- _Data provided_
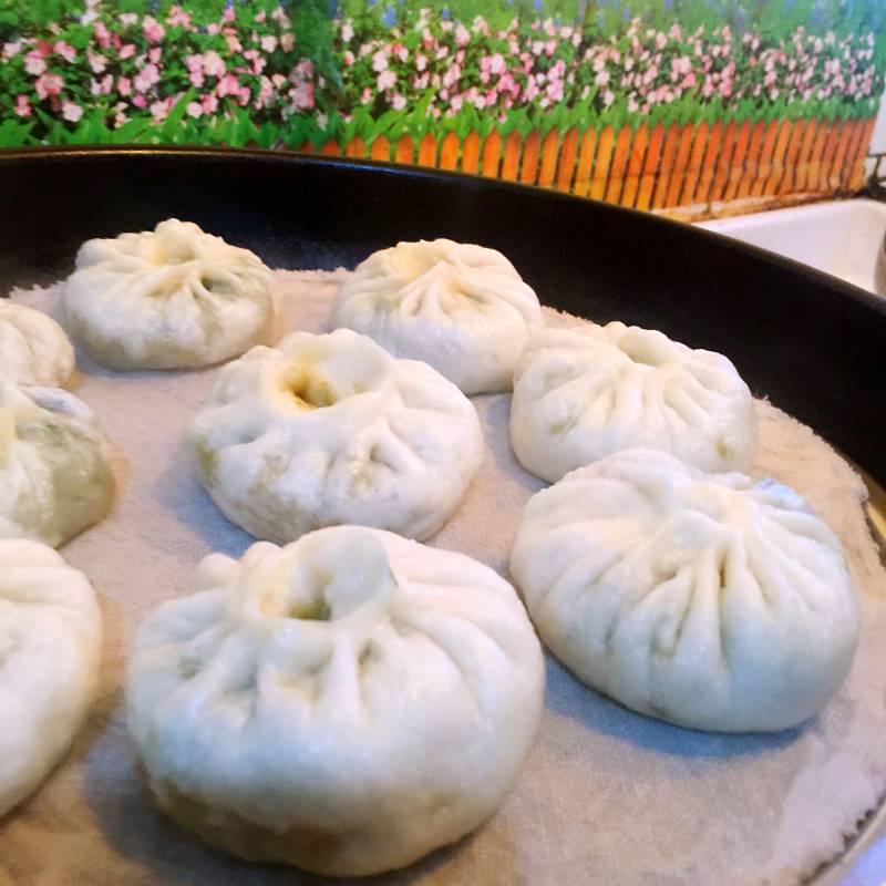15:蒸锅里提前放足够量的水,放上蒸屉和屉布,每包好一个包子,就码放在蒸屉上,盖上盖子,因为包子是没有经过基础发酵而直接包好的,所以在锅里的发酵时间约为30-45分钟,看环境温度来调整,比如现在已经入夏了,温度高,约30分钟就差不多可以蒸了。
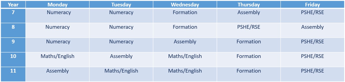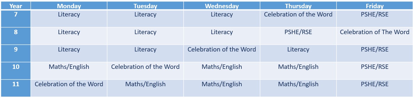 Your child will spend 20 minutes each morning with their form. During this time, pupils will meet with their Form Tutor and take part in planned activities. A daily uniform and equipment check is carried out to ensure the highest of standards are maintained; an act of worship also takes place at this time of the day and your child will have at least one Celebration of the Word assembly over the two week timetable. Each afternoon your child will have a 10 minute registration at the end of the day.
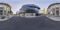 360 panning photo of a curved road and buildings with a large glass dome on it
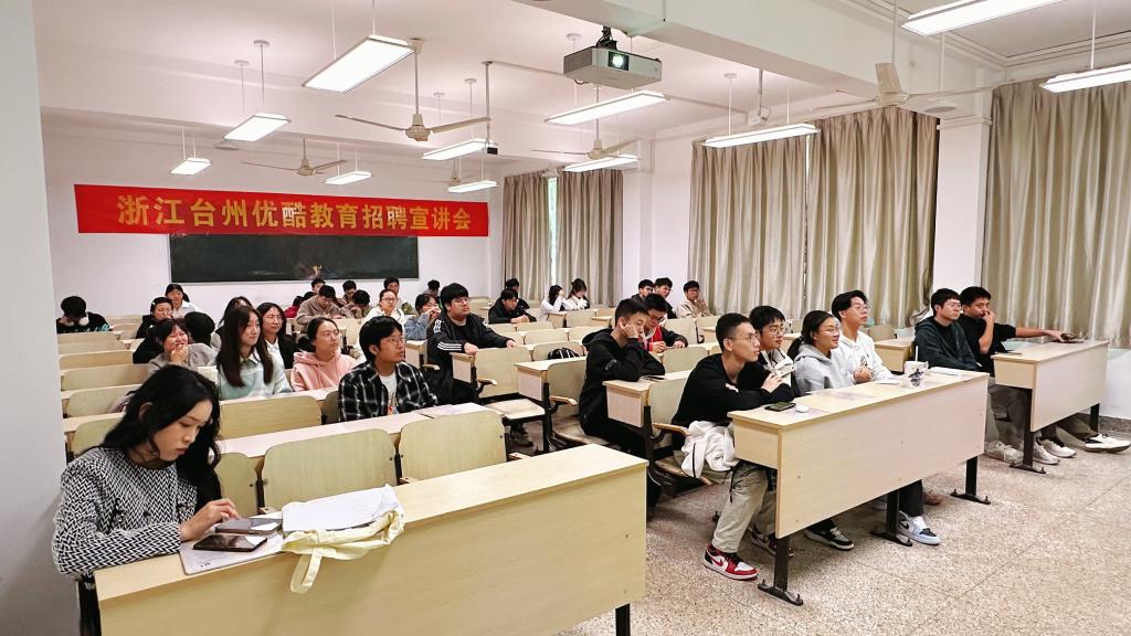 为进一步拓宽毕业生就业渠道、明确就业目标、提升就业质量。11月21日下午,电信学院举办“e职为你”第6期活动,邀请浙江台州优酷教育公司来校召开宣讲会。宣讲会由就业辅导员耿秉凡主持,企业HR及2025届毕业生参加。

- _What to do_
Transcribe, without alteration, each line from the one with "360 panning photo" through the last line of the data; no pictures belong in the copy.

- _Solution to this problem_
 360 panning photo of a curved road and buildings with a large glass dome on it
 为进一步拓宽毕业生就业渠道、明确就业目标、提升就业质量。11月21日下午,电信学院举办“e职为你”第6期活动,邀请浙江台州优酷教育公司来校召开宣讲会。宣讲会由就业辅导员耿秉凡主持,企业HR及2025届毕业生参加。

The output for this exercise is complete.